Hospitals confirm 14 cholera victims as officials dispute any confirmed cases
DOCTORS from two hospitals confirmed 14 new cases of cholera on Wednesday, but the Ministry of Health continued to question whether any patients had tested positive for the disease, a position that has drawn criticism from officials at a children’s hospital in Phnom Penh.
Dr Denis Laurent, head pathologist at Kantha Bopha Children’s Hospital, said six new cases had been confirmed there on Wednesday, bringing the total number of cases treated so far this month to 25. The hospital recorded 65 cases between November and January. “This is an epidemic,” he said.
Or Vanda, deputy director of the technical office at Calmette Hospital, said staff there had confirmed eight cases of cholera on Wednesday. He added that families living nearby the eight people who tested positive for cholera had not been told of the diagnoses.
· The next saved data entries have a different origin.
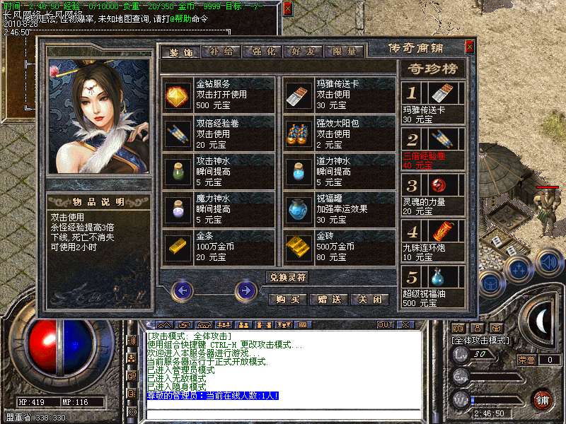 1:本游戏为复古版传奇。适合希望找一个长期,稳定传奇的玩家。历经上百区实践.各种设置都做了最大优化。
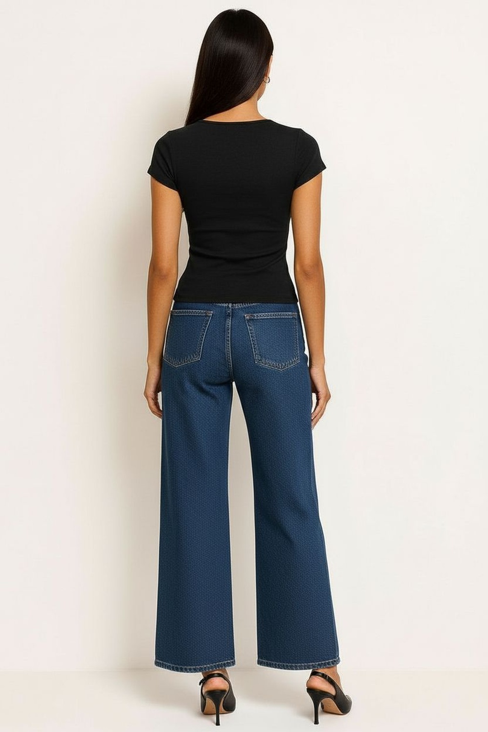 Playera de manga corta con cuello redondo, confeccionada en tejido suave, detalle decorativo al frente con aplicación textil que aporta realce visual, estructura cómoda con caída natural, costado recto que mantiene equilibrio en la silueta
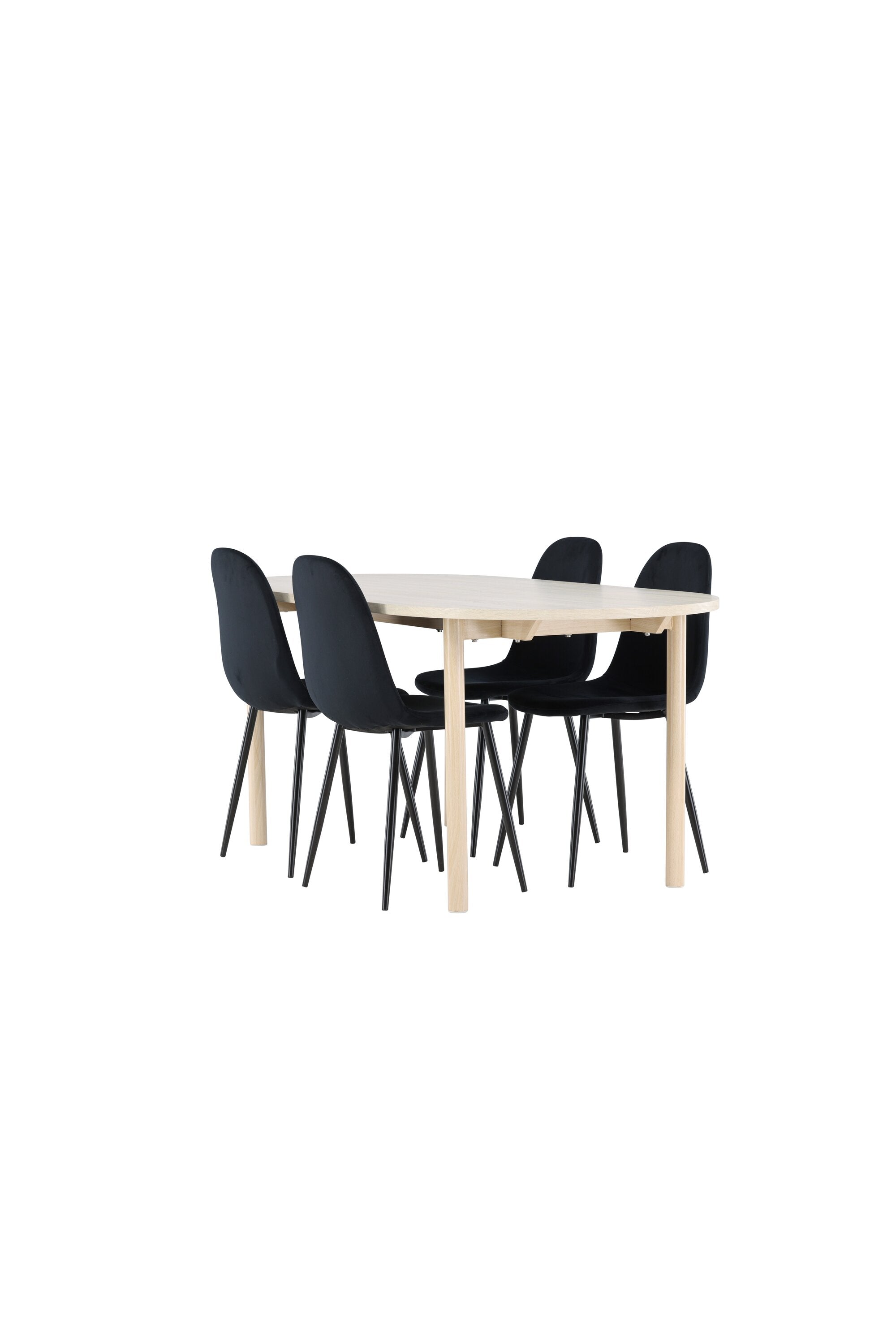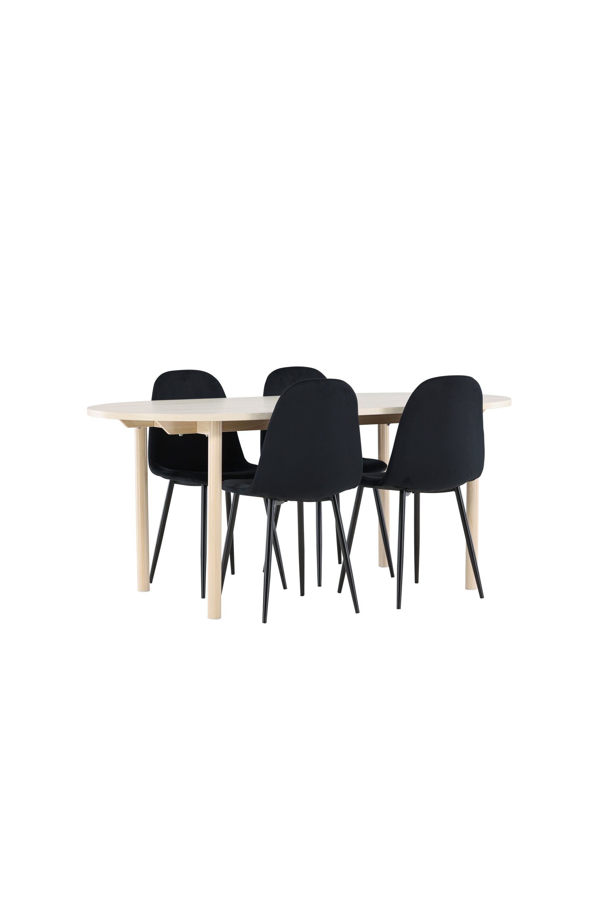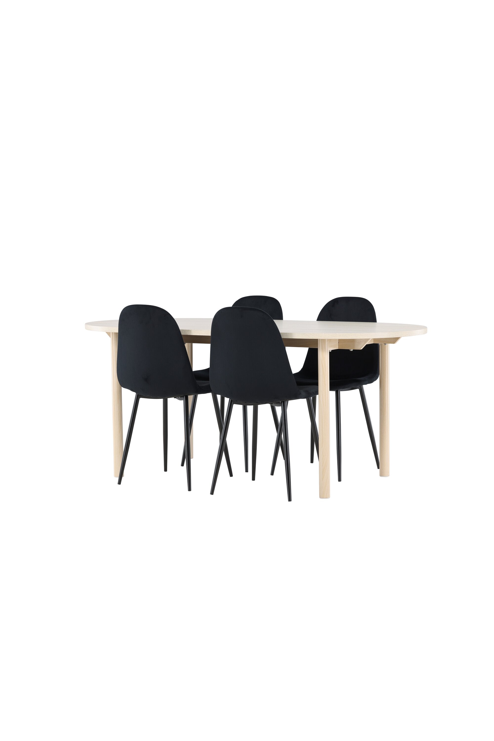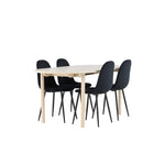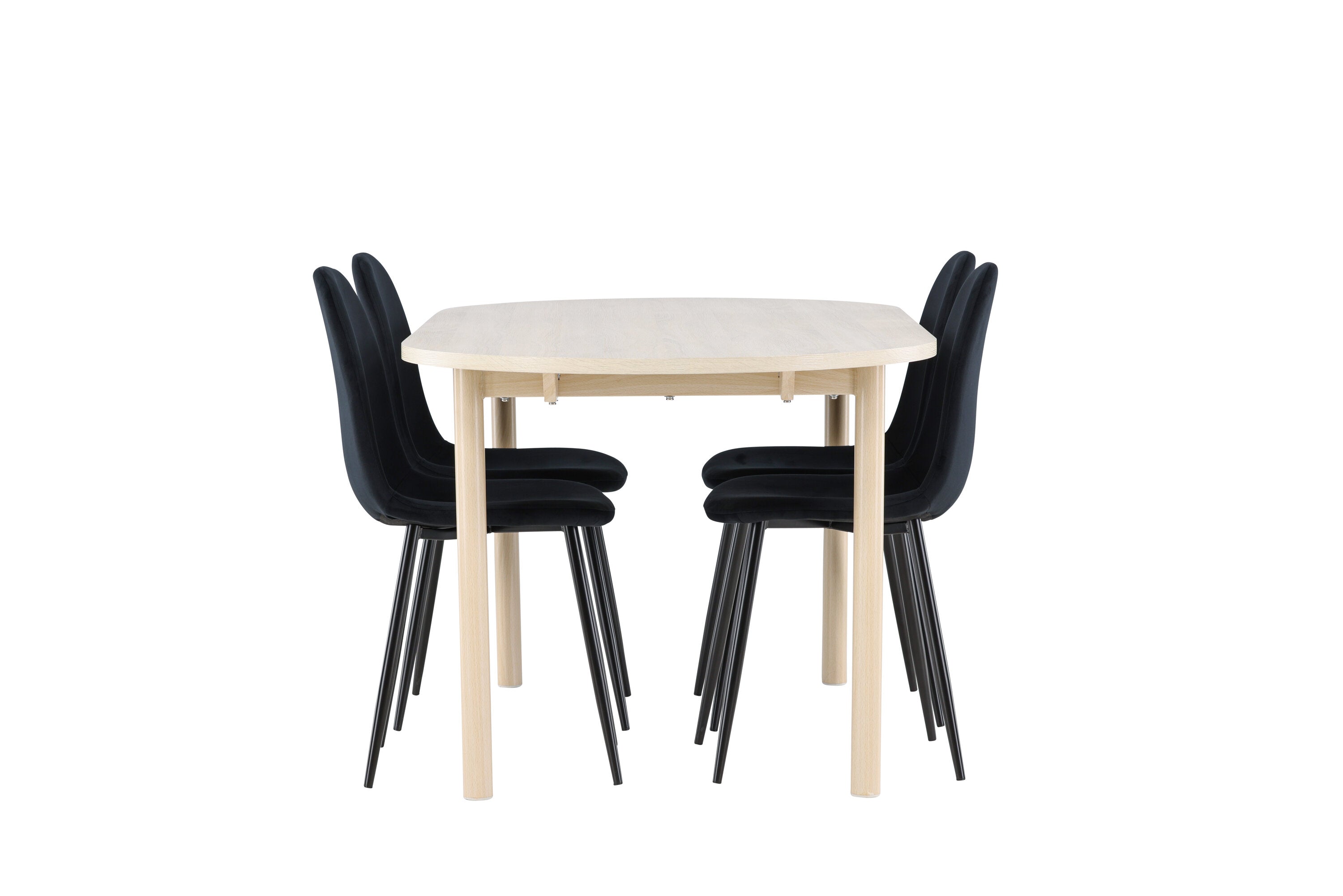 Objevte perfektní jídelní set pro váš domov s jídelním stolem Andy a jídelními židlemi Polar. Jídelní stůl Andy je nadčasový kousek, který se stává dokonalým místem pro společenské stolování. Díky své bílé barvě dodává Andy vaší jídelně nebo kuchyni zemitý a neutrální nádech. Ocelové nohy stolu a deska stolu z MDF kombinují štíhlost s robustností, což z něj dělá spolehlivý kus nábytku na mnoho let. Díky velkorysým rozměrům 180x90 cm je spousta místa pro rodinu a přátele, aby se sešli u stolu a vychutnali si dobré jídlo a dobrou společnost. Andy vytváří klidnou a uvolněnou atmosféru, která se perfektně hodí do různých stylů interiéru. Doplňte svůj jídelní stůl jídelními židlemi Polar, které nabízejí elegantní design v celočerné barvě. Polar má celočalouněný design s nohami z černého kovu s práškovým nástřikem a zaobleným opěradlem a sedákem z černé sametové látky s měkkým polstrováním. Tyto židle vám umožní vyhnout se kompromisům mezi pohodlím a designem. S jídelními židlemi Polar vytvoříte ve své jídelně moderní a elegantní atmosféru. Všimněte si, že samet má tendenci vytvářet otlaky, když se zdřímne položí, což může způsobit, že látka bude vypadat opotřebovaně. To je u tohoto typu materiálu zcela běžné a podle toho, jak dopadá světlo, se látka může posouvat v různých odstínech. Dodejte svému domovu nádech jednoduché elegance s jídelním stolem Andy a jídelními židlemi Polar – dokonalá kombinace pro vytvoření útulné atmosféry a příjemného prostředí pro všechna vaše jídla, ať už jde o každodenní jídlo nebo slavnostní příležitosti.

“In principal, it isn’t good for the public to be informed, because people become surprised and disturbed because cholera is regarded as a serious disease in their minds,” he said.
Despite the reports from the two hospitals, Ly Sovann, deputy director of the Communicable Diseases Control Department at the Ministry of Health, said he did not believe there had been any cholera cases in Cambodia. “Doctors have a right to say their own opinions,” he added.
Nima Asgari, public health specialist at the World Health Organisation, said there was no doubt that cases of cholera had been confirmed, but that cholera is just one strain of watery diarrhoea, an affliction that is common during the dry season.
He said there was no need to distinguish between cholera and watery diarrhoea when warning people about the possibility of an outbreak.
“From the viewpoint of preventing transition and providing treatment [for cholera and other forms of watery diarrhoea], the initial steps are the same,” he said.
But Dr Visoth Mony, deputy director and head of the intensive care unit at Kantha Bopha Children’s Hospital, said seasonal diarrhoea is often caused by a virus, whereas cholera is caused by bacteria. He said cholera could very quickly lead to liver failure and death, and that the two diseases need to be treated differently, with suspected cholera patients given antibiotics immediately.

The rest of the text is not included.